Damn Right Amazon Runs a Fucking Deficit and So Should America - subnaught
https://medium.com/@girlziplocked/why-amazon-isn-t-a-fucking-idiot-and-runs-a-deficit-f9d5734b68ec
======
tomcam
People get to invest in Amazon voluntarily. Taxpayers do not have a choice.

Our national debt comes out to about $150,000 per payer of federal taxes
(almost 50% of wage earners do not pay federal taxes), which means we are
burdening our children with this debt. They too are forced to pay for our
choices.

Investors in Amazon are not requiring their neighbors or descendants to
participate.

------
hodgesrm
Google is broke? That would surprise a lot of people if it were actually true.

[https://ycharts.com/companies/GOOG/profit_margin](https://ycharts.com/companies/GOOG/profit_margin)

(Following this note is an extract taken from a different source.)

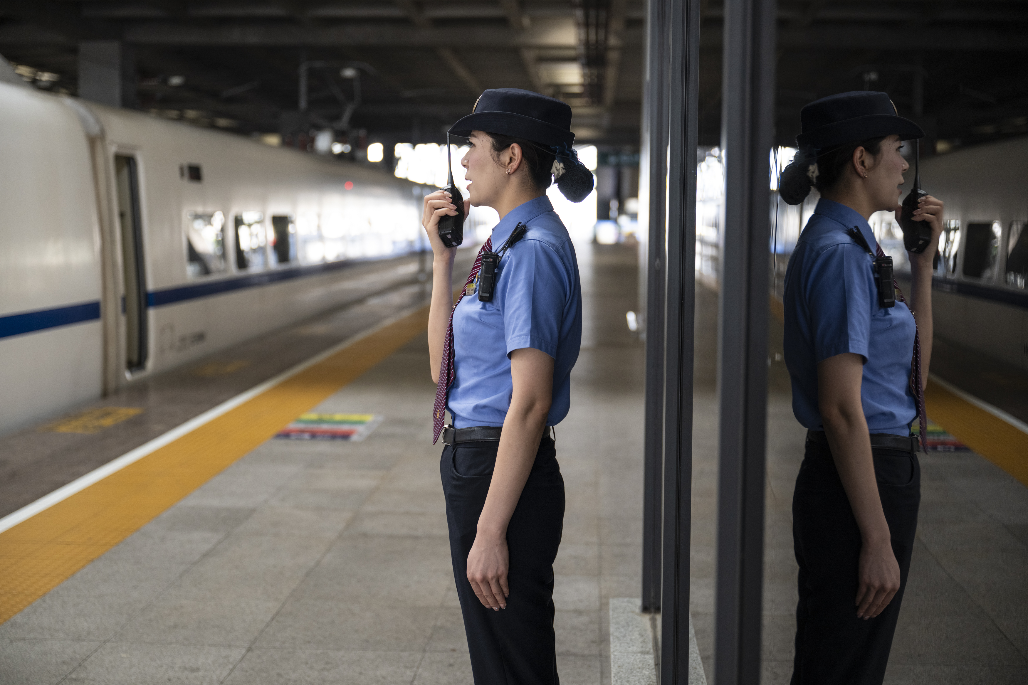 5月1日,客运值班员在武汉汉口站站台执勤。

Amazon is not broke either. It announced a profit on the full company for Q3.
Also hidden underneath the results is AWS, which has a 25% profit margin [1]
that appears to be growing. At the current rate AWS is going to float the
entire company.

[1] [http://www.computerworld.com/article/2996288/cloud-
computing...](http://www.computerworld.com/article/2996288/cloud-
computing/aws-offers-a-lift-to-amazons-q3-profitability.html)

------
snowwrestler
The article starts out claiming that Amazon, Twitter, and Google run deficits,
which is wrong. Amazon and Google recently reported profits.

The U.S. government runs a deficit because it has nowhere to store capital
other than itself, and doing so creates additional paper debt (see: Social
Security trust fund).

Amazon, however, has plenty of places it can invest its capital, including the
U.S. government. That process also creates federal debt, BTW.

In short: the U.S. federal government is not a tech company and should not be
run like one (and vice versa).

------
rythmshifter
even though this article seems to work out logically somewhat, one cannot
shake the feeling that this is invariably propaganda nonsense, even if I cant
put my finger on exactly why.

1/10 would not read again.

------
TylerH
No, it shouldn't